After sometime, the loading of the scrap iron was resumed. But on December 4, 1956, Acting Mayor
Basilio Rub, accompanied by three policemen, ordered captain Filomeno Niza and his crew to dump the
scrap iron where the lighter was docked. The rest was brought to the compound of NASSCO. Later on
Acting Mayor Rub issued a receipt stating that the Municipality of Mariveles had taken custody of the
scrap iron.
Tumabing sued Ganzon; the latter alleged that the goods have not been unconditionally placed under his
custody and control to make him liable. The trial court dismissed the case but on appeal, respondent
Court rendered a decision reversing the decision of the trial court and ordering Ganzon to pay damages.
ISSUE:
Whether or not a contract of carriage has been perfected.
HELD:
Yes.
By the said act of delivery, the scraps were unconditionally placed in the possession and control of the
common carrier, and upon their receipt by the carrier for transportation, the contract of carriage was
deemed perfected.

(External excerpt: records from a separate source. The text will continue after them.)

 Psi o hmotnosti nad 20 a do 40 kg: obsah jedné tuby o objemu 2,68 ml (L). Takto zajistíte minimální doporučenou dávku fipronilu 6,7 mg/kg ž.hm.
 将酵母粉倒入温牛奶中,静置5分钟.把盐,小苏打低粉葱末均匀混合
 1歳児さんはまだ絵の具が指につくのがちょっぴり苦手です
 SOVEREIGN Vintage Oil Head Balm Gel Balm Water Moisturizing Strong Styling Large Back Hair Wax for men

Consequently, the petitioner-carrier's extraordinary responsibility for the loss,
destruction or deterioration of the goods commenced. Pursuant to Art. 1736, such extraordinary
responsibility would cease only upon the delivery, actual or constructive, by the carrier to the consignee,
or to the person who has a right to receive them. The fact that part of the shipment had not been loaded
on board the lighter did not impair the said contract of transportation as the goods remained in the
custody and control of the carrier, albeit still unloaded.

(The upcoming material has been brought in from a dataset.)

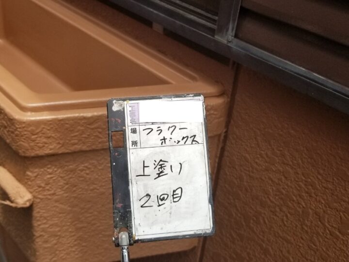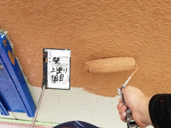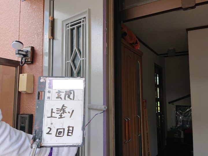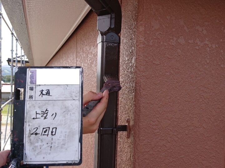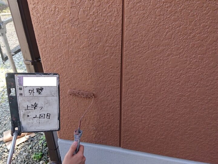 外壁塗装の最後の工程である、上塗り2回目を行いました。塗膜厚を確保するため、丁寧に行いました。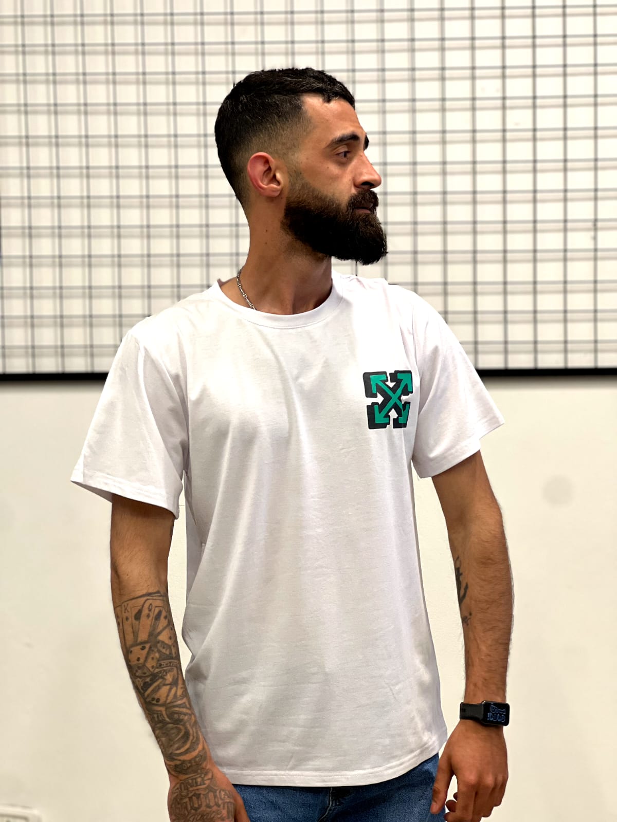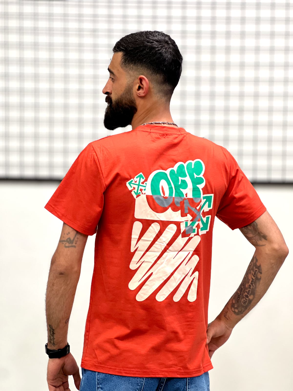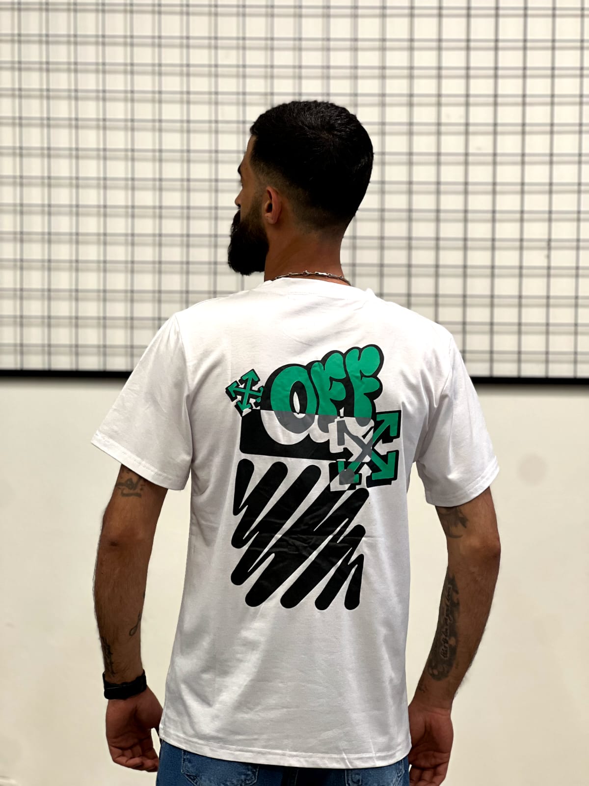 The highlight of this t-shirt is its unique arrow-inspired graphic design on the back, combining bold shapes with modern street art elements. The front keeps it simple with a small logo detail, while the back creates a strong visual impact that instantly elevates your outfit. This contrast makes it perfect for those who appreciate subtle details with a bold twist.

Before Ganzon could be absolved from responsibility on the ground that he was ordered by competent
public authority to unload the scrap iron, it must be shown that Acting Mayor Basilio Rub had the power to
issue the disputed order, or that it was lawful, or that it was issued under legal process of authority. The
appellee failed to establish this. Indeed, no authority or power of the acting mayor to issue such an order
was given in evidence. Neither has it been shown that the cargo of scrap iron belonged to the Municipality
of Mariveles. What we have in the record is the stipulation of the parties that the cargo of scrap iron was
accumulated by the appellant through separate purchases here and there from private individuals. The
fact remains that the order given by the acting mayor to dump the scrap iron into the sea was part of the
pressure applied by Mayor Jose Advincula to shakedown Tumambing for P5,000.00. The order of the
acting mayor did not constitute valid authority for Ganzon and his representatives to carry out.